### Information given
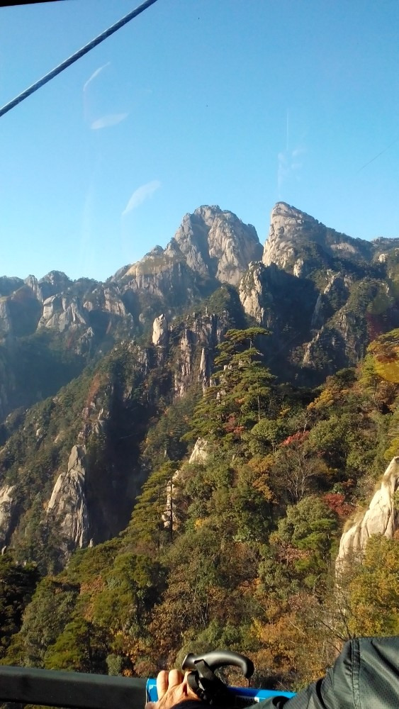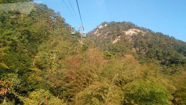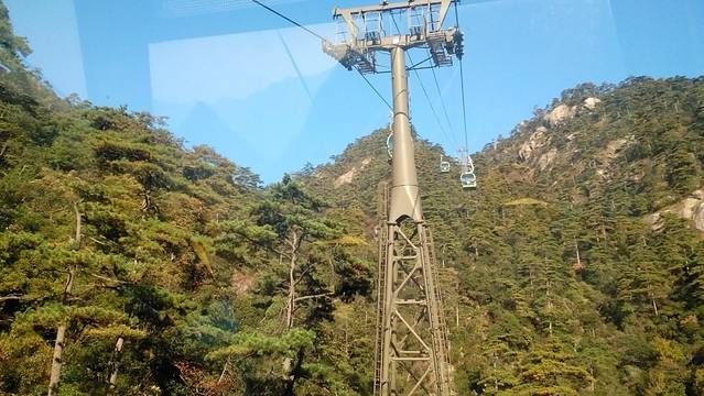 6:40酒店出发右走150米对面进去,路上已有些游客队伍向换乘中心汇拢,玉屏索道检修要到2015年5月重开,所以现在大家南门上黄山都是云谷索道或步行,排队买好车票19元,周围小旗引领下的旅游团已经不少了,再排队进室内前安检7:05坐上去索道新国线车开。
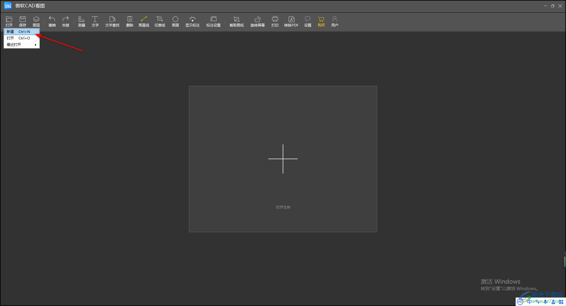 1.首先我们将傲软CAD看图双击打开,将左上角的【打开】按钮点击一下,在下拉选项中我们选择【新建】选项,新建一个CAD文件。
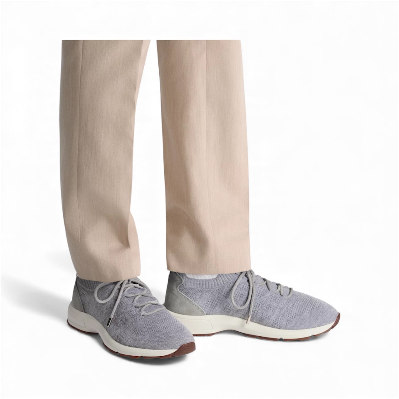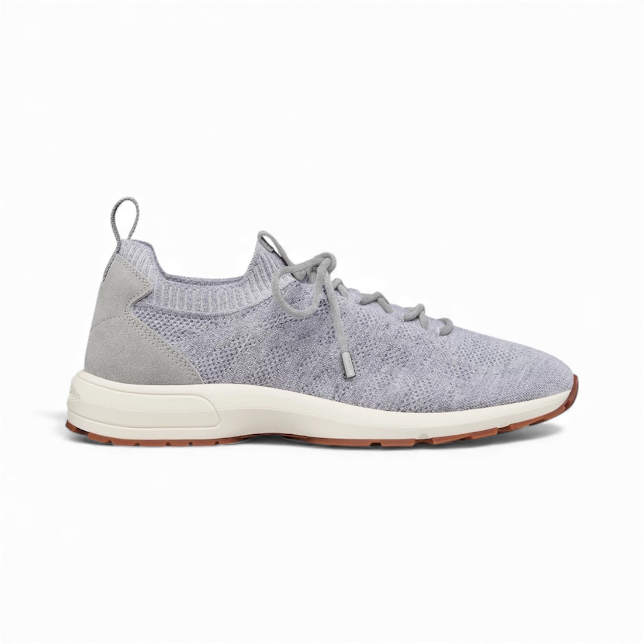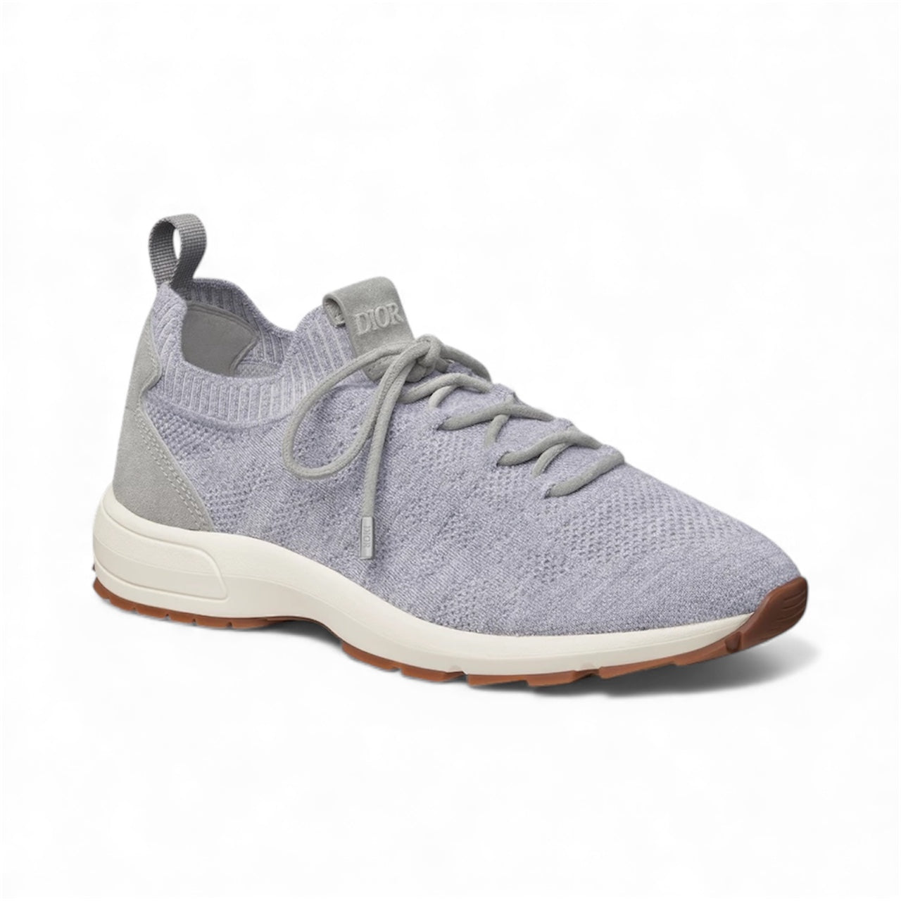 New for Winter 2025, the B80 Lounge sneaker is distinguished by its streamlined silhouette and details inspired by Dior's couture spirit. Crafted in a Dior gray cashmere, wool and silk knit subtly showcasing the House's iconic Cannage motif, the style is enhanced by a tonal suede panel in the back and a Dior-embossed patch on the tongue. Combining a lightweight feel with optimal comfort, the design features an elasticated collar, rear tab and decorative suede laces allowing it to slip on easily. Completed by a thick, notched and sculpted rubber sole with the Dior signature, the B80 Lounge sneaker will pair with any look in the Dior Icons capsule.
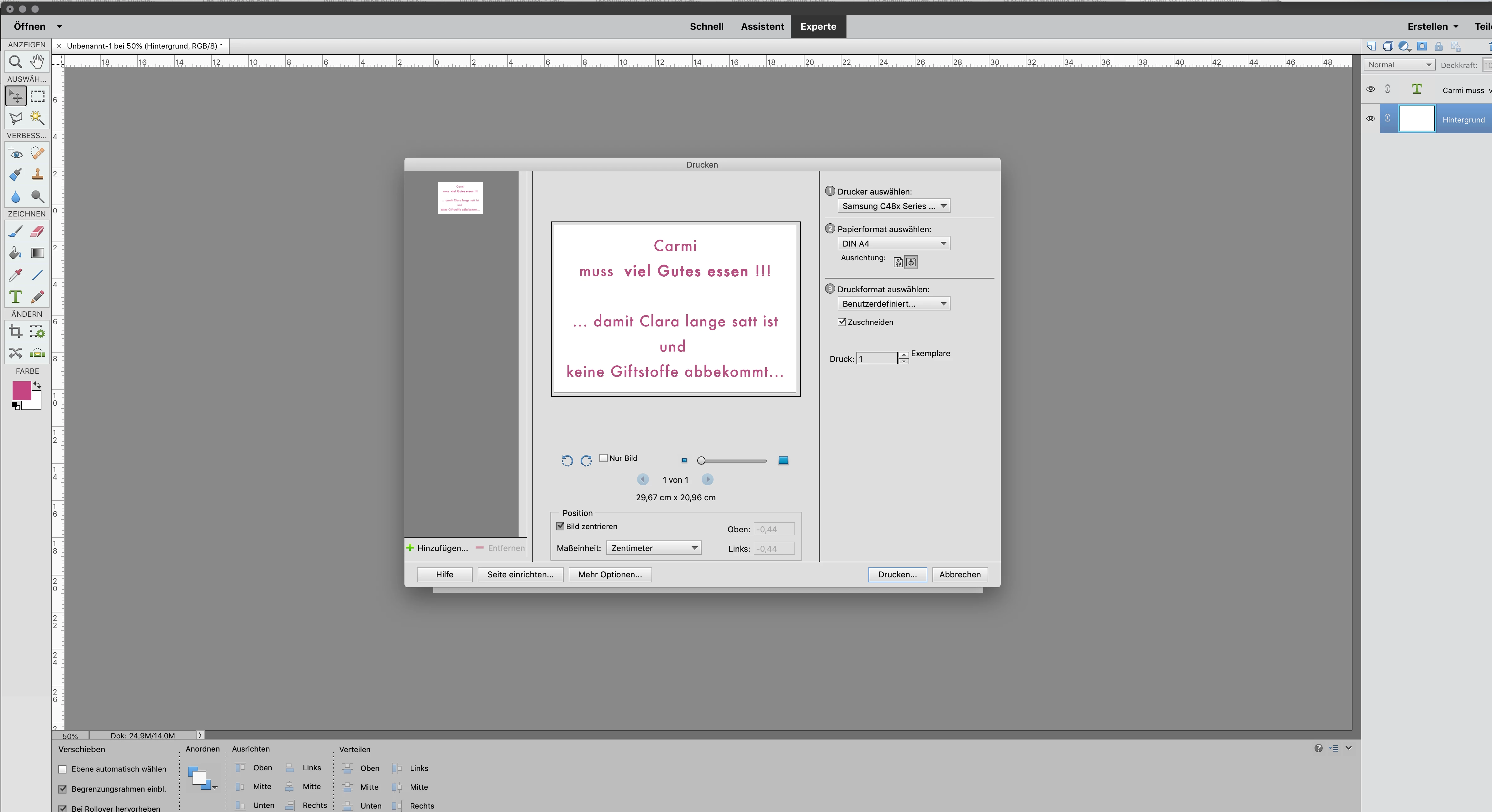PSE 2019 printer settings paper size // Druckereinstellungen A4 Querformat
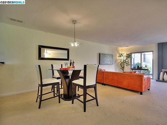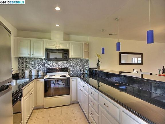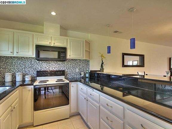 Clean and chic F-model facing greenbelt. Updated kitchen with granite counter tops & mosiac backsplash. Dual paned windows, sliding doors & private patio, Light and bright with an open floor plan. Good sized master. Vaulted ceiling in third bedroom. Close to pool, clubhouse, tennis court & shops.
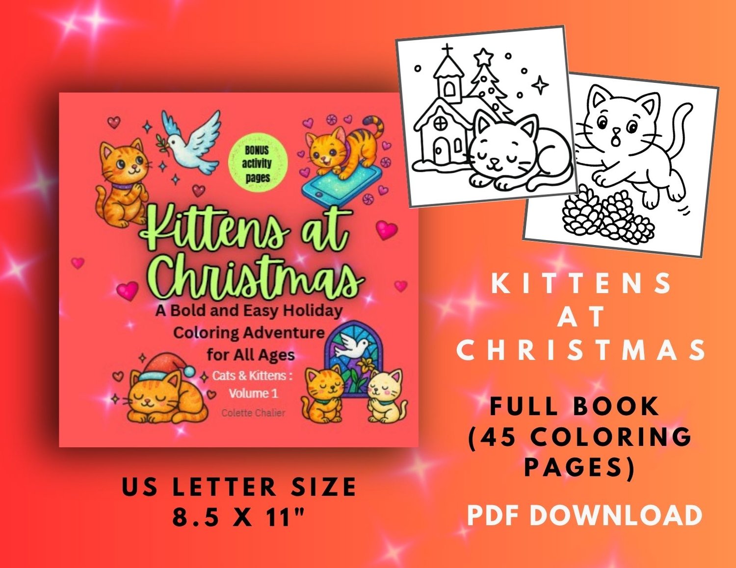Celebrate the season with 45 cute and festive kitten illustrations! Created by a teacher, each page features bold, easy-to-color outlines—perfect for kids and fun for all ages. From kittens in stockings to playful cats with ornaments and Santa hats, this book is filled with holiday cheer and cozy charm. Includes unique Christian themed designs.
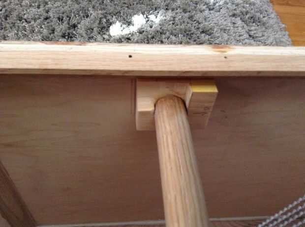 El "sistema de montaje" de la caja es bastante simple pero ingenioso, lamentablemente no puedo tomar el crédito para él pero puedo decirte que funciona! Para ello necesitamos 3 manzanas más bien pequeñas de madera sólida y un taco de madera sólido. Yo uso 1" roble pasador y algunos arce de 3/4" de grueso, pero casi nada va a hacer. Los 3 bloques pueden todos ser del mismo tamaño, decir 2 "x 3". 2 de ellos irá en los lados interiores de la caja justo detrás del marco para sostener el pasador, por lo que necesitan los orificios para la espiga en. Encontrar el centro de sus 2 cuadras, márquelo y luego utilice una broca Forstner o pala para taladrar sobre a medio camino los bloques (si se utiliza un pasador de 1", use un 1" poco y así sucesivamente). Luego en una cuadra tenemos que hacer un canal desde el agujero en el borde inferior, para que podamos conseguir la clavija hacia adentro y hacia afuera. Una vez que ya tienes los 2 bloques de hecho y la trampa montada en el taco, se puede un poco seco encajar los bloques y averiguar cuánto tiempo para cortar la espiga y donde pegar los bloques para que el lazo entra en contacto con la tapa en la parte superior.
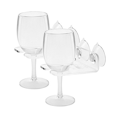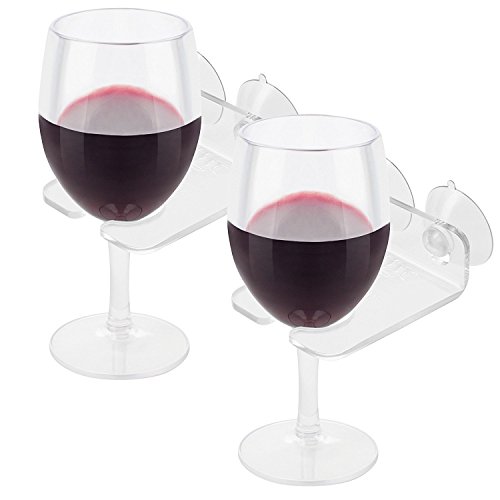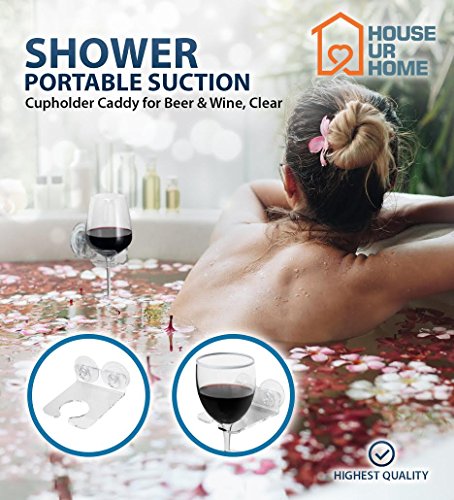 Bathtub Wine Glass Cupholder. Caddy Shower & Relax Bath With Powerful Strong Suction Cups , Set Of (2) Clear Acrylic. By House Ur Home
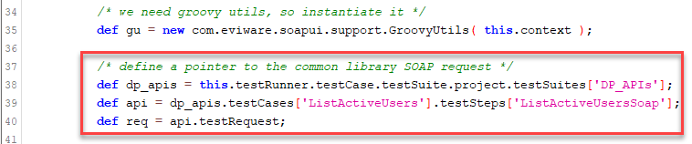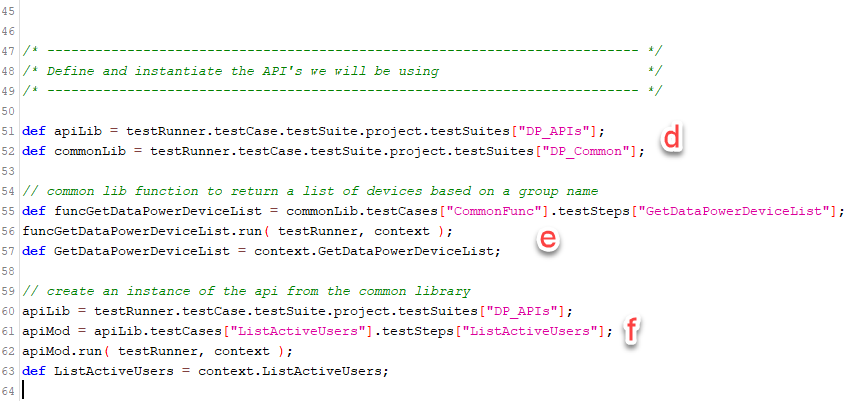 Next is where we define and instantiate our common API and function. First, we define variables that point to the common API and common function TestSuites, “DP_APIs” and “DP_Common” respectively (d).
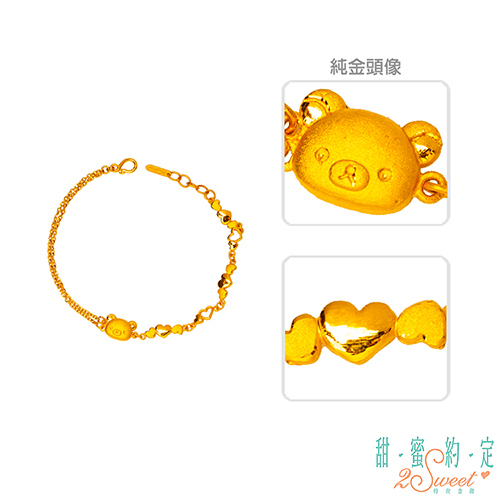 商品介紹商品內容黃金總重量(約):約1.75錢(6.56g)(±0.10錢)。墜飾尺寸(cm):拉拉熊主題約0.7cm x 1cm 。手環尺寸(cm):手鍊全長約17.5cm,含1.5cm預備練。商品包裝配件:拉拉熊原廠授權包裝盒、拉拉熊包裝袋、拉拉熊保證卡。備註1:此商品由甜蜜約定特約經銷商出貨。配送辦法

### Activity
Reproduce the listing above from the line that holds "1.首先我们将傲软CAD看图" through the line that holds "Celebrate the season", both included, with the pictures left out.

### Completed exercise
 1.首先我们将傲软CAD看图双击打开,将左上角的【打开】按钮点击一下,在下拉选项中我们选择【新建】选项,新建一个CAD文件。
 New for Winter 2025, the B80 Lounge sneaker is distinguished by its streamlined silhouette and details inspired by Dior's couture spirit. Crafted in a Dior gray cashmere, wool and silk knit subtly showcasing the House's iconic Cannage motif, the style is enhanced by a tonal suede panel in the back and a Dior-embossed patch on the tongue. Combining a lightweight feel with optimal comfort, the design features an elasticated collar, rear tab and decorative suede laces allowing it to slip on easily. Completed by a thick, notched and sculpted rubber sole with the Dior signature, the B80 Lounge sneaker will pair with any look in the Dior Icons capsule.
PSE 2019 printer settings paper size // Druckereinstellungen A4 Querformat
 Clean and chic F-model facing greenbelt. Updated kitchen with granite counter tops & mosiac backsplash. Dual paned windows, sliding doors & private patio, Light and bright with an open floor plan. Good sized master. Vaulted ceiling in third bedroom. Close to pool, clubhouse, tennis court & shops.
Celebrate the season with 45 cute and festive kitten illustrations! Created by a teacher, each page features bold, easy-to-color outlines—perfect for kids and fun for all ages. From kittens in stockings to playful cats with ornaments and Santa hats, this book is filled with holiday cheer and cozy charm. Includes unique Christian themed designs.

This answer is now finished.